╭─ Listed records
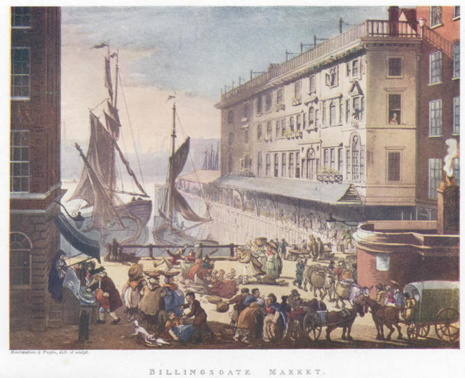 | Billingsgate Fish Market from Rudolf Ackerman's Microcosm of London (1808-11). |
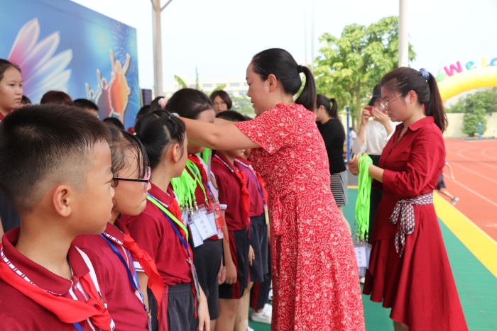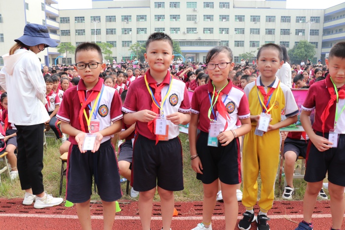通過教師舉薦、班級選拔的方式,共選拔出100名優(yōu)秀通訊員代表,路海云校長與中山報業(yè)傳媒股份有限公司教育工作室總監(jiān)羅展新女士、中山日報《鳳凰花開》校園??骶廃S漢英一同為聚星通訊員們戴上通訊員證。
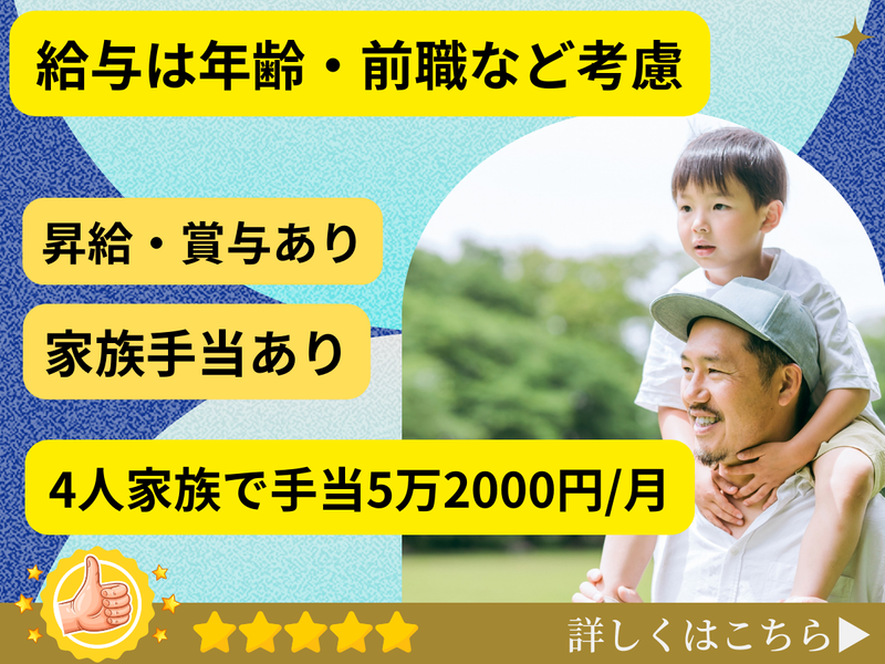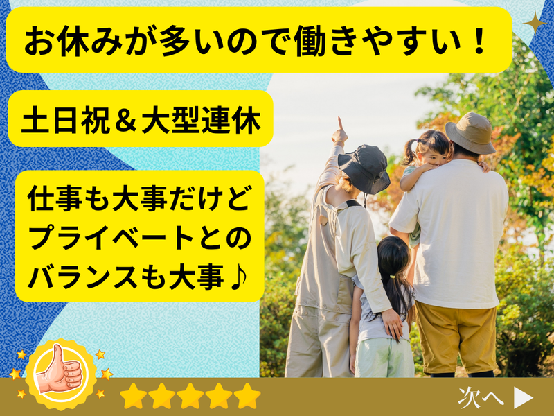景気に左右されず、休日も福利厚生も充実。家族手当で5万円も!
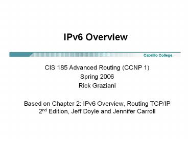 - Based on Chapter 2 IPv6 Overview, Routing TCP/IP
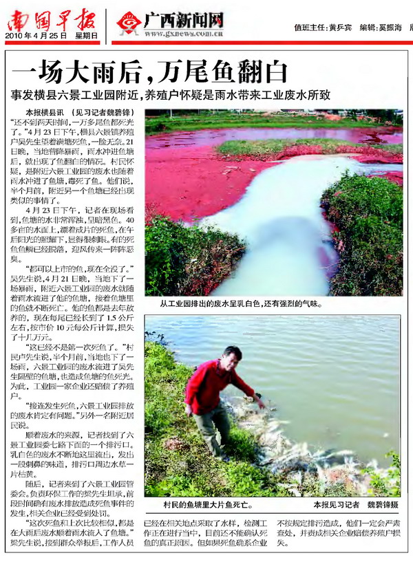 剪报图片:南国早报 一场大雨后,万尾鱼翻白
╰─
Assignment: The response consists of the data above printed line for line, with no pictures.

Task solution:
 | Billingsgate Fish Market from Rudolf Ackerman's Microcosm of London (1808-11). |
通過教師舉薦、班級選拔的方式,共選拔出100名優(yōu)秀通訊員代表,路海云校長與中山報業(yè)傳媒股份有限公司教育工作室總監(jiān)羅展新女士、中山日報《鳳凰花開》校園??骶廃S漢英一同為聚星通訊員們戴上通訊員證。
景気に左右されず、休日も福利厚生も充実。家族手当で5万円も!
 - Based on Chapter 2 IPv6 Overview, Routing TCP/IP
 剪报图片:南国早报 一场大雨后,万尾鱼翻白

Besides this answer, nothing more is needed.